Из песен труднее всего мне дался "Романс Жермон". Я написал несколько вариантов, и все мне не нравились. Как-то открыл том стихов П. Вяземского и, взяв метрическую схему одного стихотворения (редкую), написал по ней -- и оказалось как раз. Много было вариантов и основной гусарской песни "Давным-давно", пока не явилось это словосочетание, и счастливо дало мне рефрен, и озарило своим настроением всю пьесу. Я написал полсотни куплетов с этим рефреном, прежде чем отобрал лучшие. Песни "Колыбельная Светланы", "Прелестница младая" и "Жил-был Анри Четвертый" написал почти сразу набело. В пьесе были и другие песни, например "Романс Ржевского", еще одна песня Жермон, но я от них отказался. Было несколько (около десятка) проектов названия, но иные казались манерной стилизацией, иные как-то неточно выражали характер пьесы. Уже написав куплеты песни "Давным-давно", я понял, что лучше названия не придумаю. Оно, правда, очень не понравилось Н. П. Акимову, он мне мгновенно сказал, что противники пьесы будут называть ее "Г...ным-г...но", и по его просьбе я предложил ему (из стихов Дениса Давыдова) "Питомцы славы". Так у него и значилось на афише (а также на некоторых других афишах), но его мрачное пророчество не оправдалось -- противников у пьесы оказалось немного, и они не склонны были острить.

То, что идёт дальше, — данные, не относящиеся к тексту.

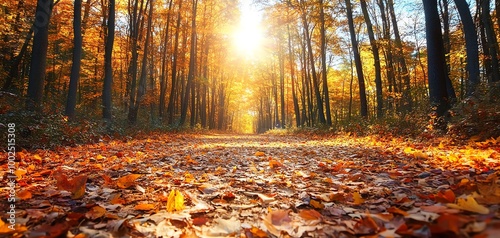 Obraz premium Autumn path in forest with leaves
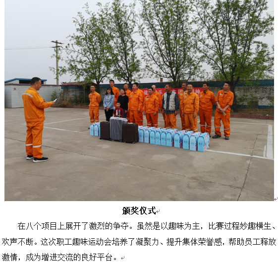 2019職工趣味運(yùn)動(dòng)會(huì) 為進(jìn)一步增強(qiáng)職工們的身體素質(zhì),豐富文體生活,增強(qiáng)凝聚力,在“五四”青年節(jié)來臨之際兗州文水分公司、呂梁分公司、中材文水分公司精心籌備,周密策劃的職工趣味運(yùn)動(dòng)會(huì),在兗州文水分公司生活區(qū)如期舉行。本次運(yùn)動(dòng)會(huì)的主題是“以促進(jìn)友誼為主,貴在人人參與,活躍公司氣氛”。以青年員工為主20多名干部職工參加了本次運(yùn)動(dòng)會(huì)。通過自?shī)首詷愤@種形式,增強(qiáng)團(tuán)隊(duì)合作精神,培養(yǎng)職工熱愛運(yùn)動(dòng),促進(jìn)身體健康,增強(qiáng)公司凝聚力、戰(zhàn)斗力、號(hào)召力的目的。5月6日下午,三個(gè)分公司的職工趣味運(yùn)動(dòng)會(huì),在經(jīng)理王建立宣讀比賽規(guī)則后拉開了帷幕。此次活動(dòng)由辦公室人員組織策劃,得到公司大力支持與全體員工的積極配合和參與。本次運(yùn)動(dòng)會(huì)共設(shè)有八個(gè)比賽項(xiàng)目:
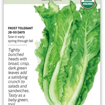 These pretty lettuce leaves grow high above the core for easy salad prep cutting. Compact heads produce high yields in a small space, while its bolt resistance allows for a long harvest. Resistant to downy mildew, lettuce leaf aphid, and Fusarium wilt. Seeds are pelletized with an organic coating for easy handling.
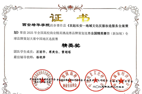 此次精英赛中,由多多28市场营销专业学子汪丽华、蒋美佳、雷翊瑶组成的一等奖团队凭借《衣起长安—地域文化汉服妆造服务全案策划》获得全国精英奖、展示交流二等奖,并将代表中国参加(新加坡)全球品牌策划大赛。这一成绩不仅充分展现了培华学子的强大实力与独特风采,更刷新了学校本科生参加此项赛事的单项最高奖纪录。
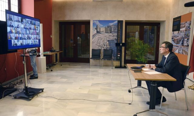 El alcalde de Murcia, José Ballesta, mantuvo una reunión esta mañana con el presidente del Gobierno, Pedro Sánchez, en la que participaron también los alcaldes de la Junta Directiva de la Federación Española de Municipios y Provincias (FEMP), con motivo de la crisis sanitaria y socioeconómica generada por la pandemia mundial del COVID-19.
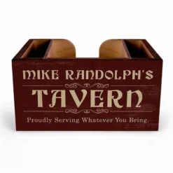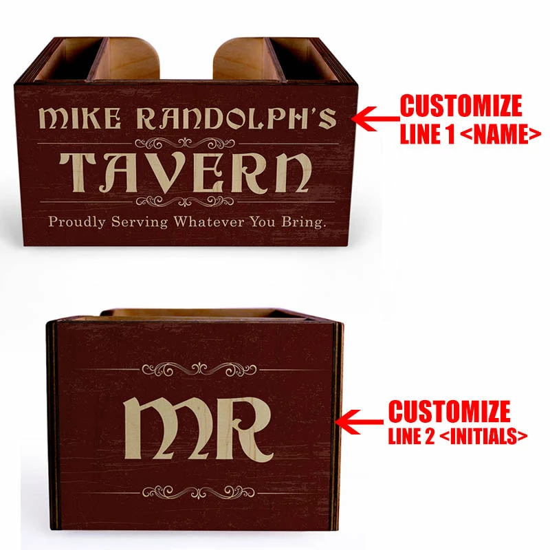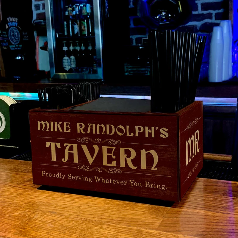 This beautifully rustic wooden Bar Caddy is an exceptional addition to any type of bar setting! The best part? They are easily customized with your very own name and personalization! Simply type in your text, we do the rest! The quality craftsmanship (handmade in the USA) is beyond compare. Designed with 3 compartments perfect for storing your bev naps, straws and stirrers. Durably built with a quality imprint dyed right into the wood maintains a desirable (and trendy) rustic wooden appeal.

В процессе работы были, конечно, дни острого недовольства написанным и минуты отчаяния -- не без этого, -- но все же их было немного. Работа шла быстро и в основном удивительно легко. С тех пор я твердо знаю, что когда пишется быстро, то всегда "выходит" -- и наоборот. Во всяком случае, для меня это верно.

 

Самым неинтересным и скучным в работе было строго следовать заранее придуманному, как бы оно ни было хорошо. Это тоже мое личное свойство: выполняя намеченный обязательный предварительный план, я вяну и тускнею. Нужно внести что-то новое, чтобы оживиться и начать писать с увлечением. Но без плана большую пьесу не построишь. В четвертом акте у меня был один небольшой эпизод, необходимый для действия. Он был точно придуман заранее, и осталось только оснастить его скелет стихами. Как же он тяжело мне давался! Как мне не нравилось то, что я пишу! Несколько дней я просидел на тридцати строчках. Наконец зажмурился, что-то накарябал и перешагнул через это. А после оказалось, что все вполне прилично, и на спектакле в этом месте я даже проронил слезу. (Это была сцена свидания Шуры с дядей перед ее предполагаемым расстрелом.)

Самочувствие во время работы иногда бывает обманчиво: сколько раз замечал это. Я человек мнительный и относящийся к себе скептически и завидую тем, кто в процессе работы приходит сам от себя в восторг. И когда такое случается, я это долго помню. Люблю строить пьесу, составлять план. Терпеть не могу кропотливо этот план осуществлять. И больше всего люблю импровизировать, галопом ускакав в сторону от плана. И тем не менее верный и точный план -- это полдела.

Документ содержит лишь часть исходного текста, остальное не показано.